BOSTON (AP) — Multiple U.S. government agencies issued a joint alert Wednesday warning of the discovery of malicious cyber tools created by unnamed advanced threat actors that they said were capable of gaining “full system access” to multiple industrial control systems.

The public alert from the Energy and Homeland Security Departments, the FBI and National Security Agency did not name the actors or offer details on the find.

But the CEO of one of the cybersecurity companies involved in the effort, Robert M. Lee of Dragos, says it has high confidence the malware was developed by a state actor and was configured to initially target liquified natural gas and electric power sites in North America.

Lee would not name the state actor, referring questions to the U.S. government. Nor would he explain how the malware was discovered, other than to say it was caught “before an attack was attempted.”

“We’re actually one step ahead of the adversary. None of us want them to understand where they screwed up,” said Lee. “Big win.”

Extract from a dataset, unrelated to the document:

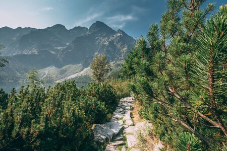 Tatra National Park, Poland. Trail Near Mountains Lake Morskie Oko Or Sea Eye Lake In Summer Morning. Five Lakes Valley. Beautiful Scenic View. European Nature
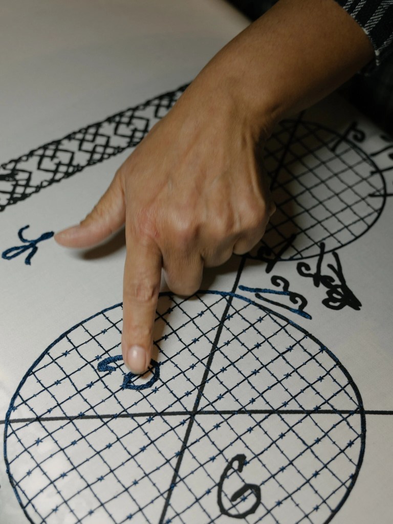 Silk embroidery thread is used in Kameelah Janan Rasheed’s tapestries interpreting the writings of Rebecca Cox Jackson.

The Cybersecurity and Infrastructure Security Agency, which published the alert, did not immediately respond to a request for details on the discovery or threat actor.

The U.S. government has warned critical infrastructure industries the gird for possible cyberattacks from Russia as retaliation for severe economic sanctions imposed on Moscow in response to its Feb. 24 invasion of Ukraine.

Lee said the malware was “designed to be a framework to go after lots of different types of industries and be leveraged multiple times. Based on the configuration of it, the initial targets would be LNG and electric in North America.”

He said the malware, dubbed Pipedream, is only the seventh such malicious software to be identified that is designed to attack industrial control systems.

Lee said Dragos, which specializes in industrial control system protection, identified and analyzed its capability in early 2022 as part of its normal business research and in collaboration with partners.

He would offer no more specifics The U.S. government alert offers thanks to Dragos, Mandiant, Microsoft. Palo Alto Networks and Schneider Electric for their contributions.

Schneider Electric is one of the manufacturers listed in the alert whose equipment is targeted by the malware. Omron is another.